Twas sprung upon me with but a moment’s notice, that me fair brother young Timothy Seasbuttock would wring a tale from me filled with adventure on this, the day he’ll finally consummate his manhood.
Allow me to sketch ye a crude portrait o’ the lad noting first that his noggin is free of the flowing locks which grace his elder brother. So too, the handsome features, wisdom and judgement which were splashed upon the brother and sister he followed. Tis true, and sad – all that was left to the youngest of three siblings are baldness and mighty facial caterpillars determined to mate upon his brow.
This is the tale of how we met…
In the port town of Gunt-on-Trent, the locals spoke of a madman – Terrible Tim, a hermit-hobo who lurked in an abandoned circus tent. Twas rumoured that he’d been shat out by the stars, for as a child he seemed an angel, with his shock o’ blond hair and winning grin.  He spoiled it by stripping naked incessantly and waving his pixie-stick at ladies till the menfolk grew testy and beat him off with sticks.
When we blasted his home into smoke and splinters he burst forth, his formerly adorable fur matted into vile dreadlocks like a clown had died on his scalp. He looked amusing, but was alarmingly scented. We treated the malodorous hum by towing him behind the ship. A school o’ porpoises had their wicked way with him, and doused Timothy in their salty stud suds – it’s a kind of cleansing scrub. To deter his obsessive nudity we stapled a fat man’s clothes to his furry frame.
Tis necessary that all hands perform some task o’ value aboard a ship; twas not his way. In even the simplest matter he displayed a baffling defiance, risking his own life for the mere sake of being free to do so. Gaargh, the vital and base task of scrapin’ barnacles from the hull (a task, I should add, which was previously undertaken by a brain damaged monkey) lead to him knocking a hole in the ship and drowning three cabin lads. Aye, even when directed to merely “stay here, touch nothing” he left sails aflame and a village o’ fresh widows. At best, his works ended in disaster.

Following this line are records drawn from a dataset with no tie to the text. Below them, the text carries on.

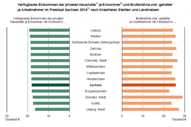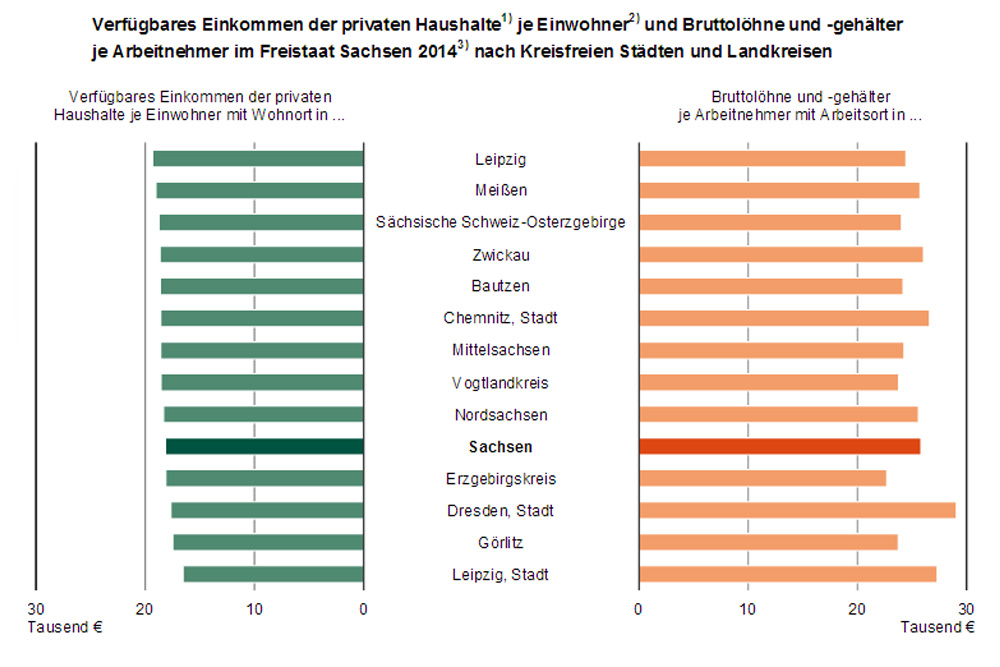 Oder mit den Worten der Statistiker: „Ein Vergleich der Verfügbaren Pro-Kopf Einkommen mit den am jeweiligen Arbeitsort erzielten Bruttolöhnen und -gehältern zeigt, dass die in den Kreisfreien Städten erreichten höheren Verdienste der Arbeitnehmer durch den Transfer des Einkommens der Pendler auch in die Umlandkreise gelangen. Zu berücksichtigen ist auch der Einfluss der Einwohnerzahl, die im Vergleich zu 2013 nur in den Kreisfreien Städten und am deutlichsten in der Stadt Leipzig angestiegen ist.“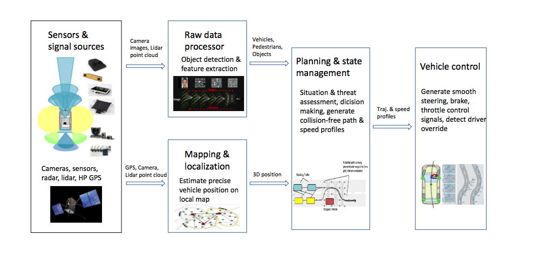 自动驾驶是一个复杂的软硬件相结合的系统。无人车主要通过摄像头,雷达等设备来感知周围的环境,依据所获取的信息来进行决策判断,由适当的工作模型来制定相应的策略,例如预测本车与其他车辆,行人等在未来一段时间内的运动状态。在规划好路径和行为之后,接下来需要控制车辆沿着期望的轨迹行驶,主要包含横向控制(转向)与纵向控制(速度)。当然,上述的动作都是基于传感器实时获取环境信息所做的局部路径规划下的动作,还需要与基于完整环境信息(GPS)的全局路径相结合。下图给出了一个基本的自动驾驶系统的框架图。
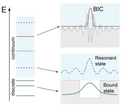 BICs are observed in electronic, photonic, acoustic systems. Bound states in the forbidden zone, where there are no finite solutions at infinity, are widely known (atoms, quantum dots, defects in semiconductors). For solutions in a continuum that are associated with this continuum, resonant states[1] are known, which decay (lose energy) over time. They can be excited, for example, by an incident wave with the same energy. The bound states in the continuum have real energy eigenvalues and therefore do not interact with the states of the continuous spectrum and cannot decay.[2]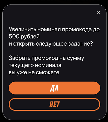 - В любой момент (до открытия следующего задания) можно остановиться и забрать промокод.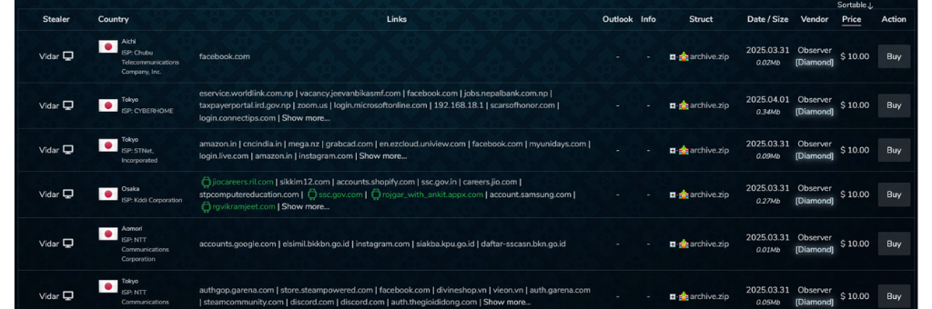 図 ブラックマーケットで販売されるStealer Log(InfoStealerが盗んだデータ)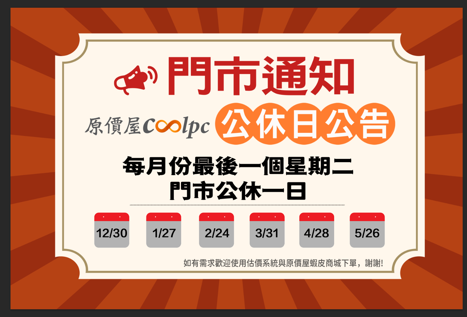 本年度起,原價屋每月新增多一個公休日,排定時間與光華商場相同,皆為每個月最後一個星期二,實體通路公休一日不營業,惟虛擬通路無休仍正常運作,造成不便之處請見諒,有需求也歡迎多加利用原價屋線上估價系統原價屋蝦皮商城下單,謝謝。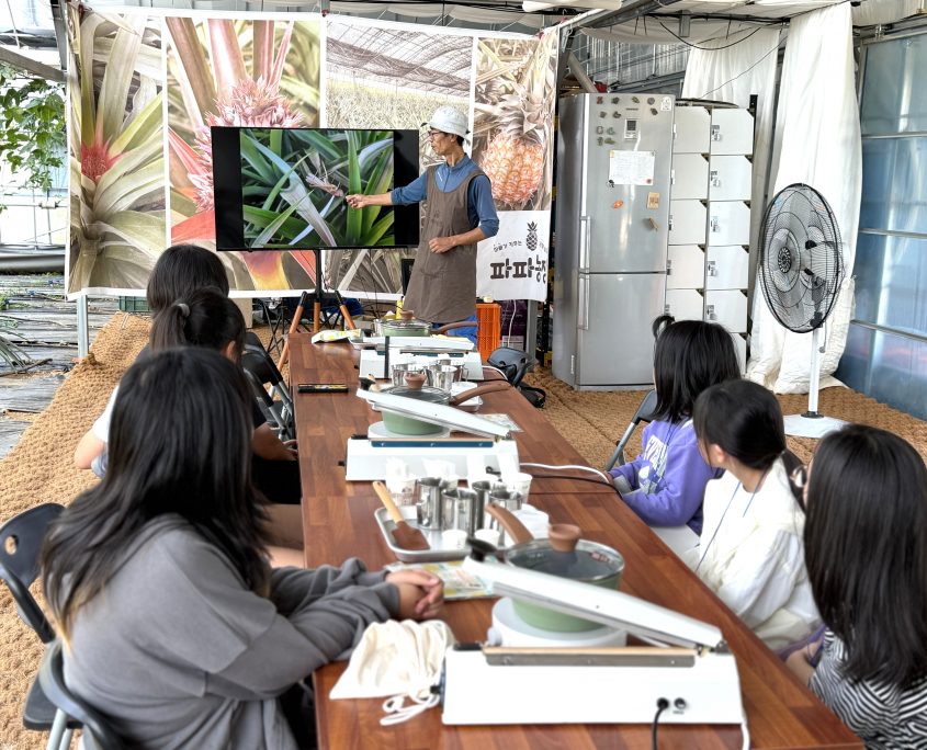 파인애플 과육을 맛보고, 과즙을 이용해 젤리도 만들고 화분에 모종도 심어보았습니다.
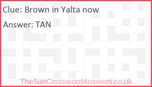Brown in Yalta now is a crossword clue for which we have 1 possible answer and we have spotted 2 times in our database. This crossword clue was last seen on 01 August 2024 in The Sun Cryptic Crossword puzzle!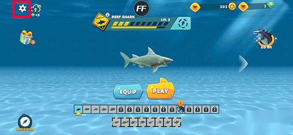 1、启动游戏《饥饿的鲨鱼进化》,在游戏主界面中找到并点击左上角的“齿轮”形状的设置按钮;

Clearly young Tim was a special fellow, in the sense of quietly leaving him on the beach at low tide, but he had a charm that belied his outright idiocy. He was the sort to headbutt a shark, or plug a dolphin’s blowhole with a cheeky grin and wink o’ the eye. He’d break ye most valued possessions and turn them big brown eyes upon ye – the wenches were suckers for it. Save that one lass with the fetish for knives… but the boy looked fine in his eye patch. It added to the wooden fingers, peg leg and gashes that came from his unique combination o’ carelessness, bad luck and stupidity.
In time he became one o’ the crew, in disfigurement if not competence. So we took him ashore for larks and giggles. Once we’d swum to land (for he had contrived to sink the jolly boat with no more than an innocent whistle) he simply vanished. I swear to ye that I turned me back for less than a heartbeat and all that remained was a jumper hanging from a fence post. Eventually we found him in the cut-price brothel down Skanking Lane where he’d nested in the questionable bosom of old ab-gendered Sally (or the Pound Stretcher as they called her). While swaddled in her dubious dugs he’d had a revelation, or so he claimed before he was dragged away by the watchmen for public bare-buttockry.
Gaargh, breaking him out tested me patience. So fierce was Tim’s rejection of all possible aid that he screamed and wailed that we were trying to ruin his life. I wanted to strangle the little monster. So I did. Once he awoke he demanded that we travel to the Lowing Grounds. Tis a magical place where the beasts of the ocean meet to breed and eat each other. He’d convinced himself that mermaids danced between the humping brutes and he’d got a flutter in his heart for a fishy lass.
The journey was fraught with danger – nearly all of it from Tim’s terrifying blend of laziness and manic activity. One night I found him and the simpler mates discharging their pistols at the moon. I confiscated their weapons and bade ’em button their flies. On another, he spent an hour bellowing about mushrooms before collapsing in a sweating heap. Strange lad.
At last we reached the fabled lands of humpery. Young Tim, drunk on rum he’d filched from me cabin reeled vomiting from starboard to larboard till I grew weary of his whining and pitched him overboard. His curious expulsions, thrashing and the octupine dreads that infested his skull drifted like a submarine temptress beneath the waves. Naturally, he was besieged with horny beasts, from felch-fish to giant shagging squid. We fired cannon and flintlock into their ranks, for though this was a hammock of his own hanging sometimes a man needs to be tipped out of it. However our loads were no match for the marine man-maulers. The boy was surely lost to the frothing waters of lust, so we began to divvy up what little of worth Timmy had.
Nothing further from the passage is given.